Le tre nascite di Amélie
Dio aveva tre sole occupazioni: la deglutizione, la digestione e, conseguenza diretta, l’escrezione. Queste attività attraversavano il corpo di Dio senza che lui se ne accorgesse. […] Ecco perché, a questo stadio della crescita, chiameremo Dio il tubo.[2]
La storia del romanzo è molto semplice, ma al contempo atipica. La famiglia di Amélie si trova in Giappone per qualche anno perché il padre svolge lì un incarico diplomatico assegnatogli dal consolato del Belgio. L’inizio è scioccante: la bambina è Dio, o crede di esserlo, e Dio è un tubo attraversato dalla materia, che non possiede lo sguardo, cioè non ha un’anima. La piccola trascorre i primi due anni di vita in uno stato vegetativo, come “ortaggio”, “pianta”[3]. Il risveglio è improvviso e traumatico, Amélie si rende conto di non poter comunicare come gli altri e si dispera, andando su tutte le furie. La vera e propria rinascita avviene grazie alla nonna, che riesce a tranquillizzarla dandole del cioccolato bianco belga. È in questo momento che Amélie smette di parlare di se stessa in terza persona e dice io, nel libro come nel film, acquisendo pienamente coscienza di ciò che le accade. Gli occhi grandissimi di Amélie si animano, posandosi vivacemente su tutto quello che vede, per indagarne i misteri nascosti.
È stato allora che sono nata, nel febbraio del 1970, all’età di due anni e mezzo, sulle montagne del Kansai, nel villaggio di Shakugawa, sotto gli occhi di mia nonna paterna, per grazia del cioccolato bianco.[4]
L’equilibrio tra il romanzo e il film
Alcuni dettagli della trama del romanzo sono stati trasformati a favore di un alleggerimento strategico. La storia è imperniata sulla relazione di complicità e affetto tra Amélie e Nishio-san, la governante, mentre le scene con il padre – che erano alcuni dei momenti più comici dell’opera – sono state eliminate: nel film il padre viene inviato due mesi in Belgio per lavoro, lasciando spazio allo sviluppo della relazione con Nishio-san. Kashima-san, la controparte negativa di Nishio-san, nel libro è una nobile decaduta che svolge lo stesso ruolo di governante di Nishio-san, mentre nel film è la proprietaria della casa. In questo modo la subalternità tra le due e il loro distacco risulta estremizzato e schematizzato. Sempre al fine di una maggiore chiarezza e fruibilità si sceglie di non inserire dialoghi in giapponese tra Amélie e Nishio-san, ma solo alcune espressioni di facile comprensione. La prima parola in giapponese che Amélie impara a scrivere è l’ideogramma “ame” che corrisponde alla metà iniziale del suo nome e che significa pioggia. Si tratta di una delle sequenze più toccanti del film.

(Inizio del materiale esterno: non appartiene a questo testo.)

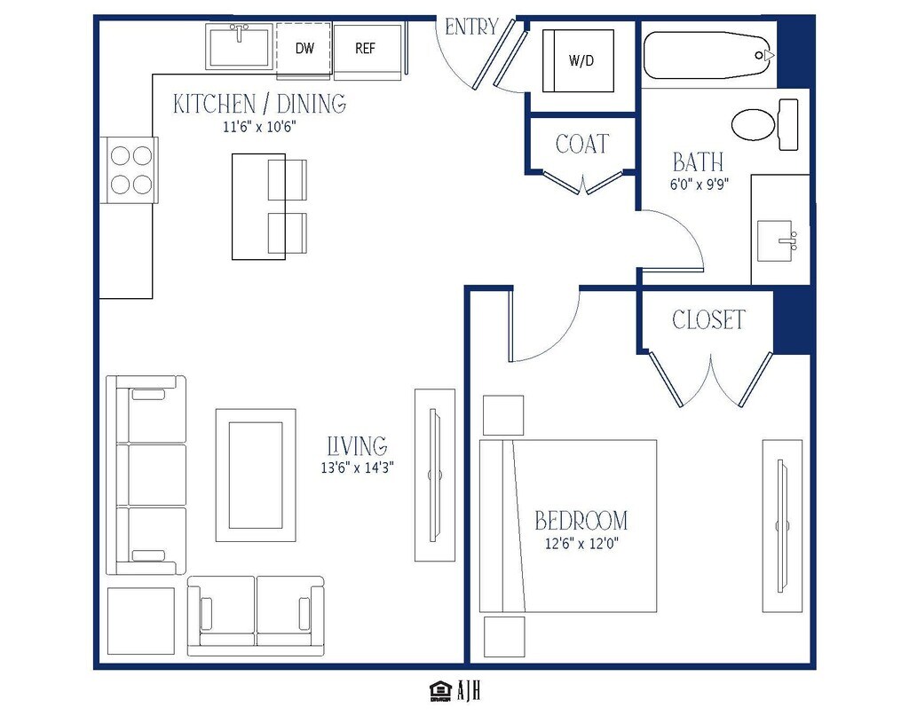 Unidad de apartamento: L02Modelo de apartamento: The Apex$1,7501 Dormitorio, 1 Baño, 575 sq ftDisponible AhoraThe Zenith

La potenza visiva del romanzo ha suggerito nel corso della realizzazione delle animazioni soluzioni diverse, più o meno deformate dalla percezione di Amélie. Durante la presentazione ad Annecy, un’anteprima mostrava elementi che arricchivano visivamente, ma rimossi successivamente, tra cui la trasformazione simbolica di Amélie in uno yokai, demone del folklore giapponese, o la testa del padre trasformata in una carpa. Rimangono comunque componenti visive che sottolineano la forza immaginativa e l’energia creativa di Amélie: le carpe nel laghetto, odiate dalla protagonista, prendono la forma del viso dispettoso di André, suo fratello, mentre la sala si anima spettralmente quando Nishio-san racconta una storia e l’acqua del mare si apre in due permettendo l’osservazione dei pesci del fondale marino.

La ricerca per la realizzazione di uno scenario fedele del contesto giapponese degli anni Sessanta e Settanta ha riguardato da un lato lo studio e il dialogo con alcuni film di Takahata, Miyazaki e Katabuchi e dall’altro un lavoro di documentazione da parte dello scenarista Eddine Noël, soprattutto in relazione allo spazio domestico giapponese, nel quale vengono inseriti degli elementi di arredamento belgi in linea con lo spirito di quell’epoca.
La cucina in cui Nishio-san prepara piatti giapponesi è la stanza più rilevante. È in questo luogo che Amélie le chiede spiegazioni sulla morte della nonna e di raccontarle la guerra. Le carote che cadono nell’acqua, l’ebollizione della pentola e la superficie scavata del riso accompagnano e neutralizzano la tensione sconfortante della narrazione. Questo legame tra cucina e guerra e la scena in cui Nishio-san e Amélie consolidano la loro amicizia dedicandosi insieme ai lavori domestici, riecheggia, come è stato dichiarato da Maïlys Vallade, il film In questo angolo di mondo.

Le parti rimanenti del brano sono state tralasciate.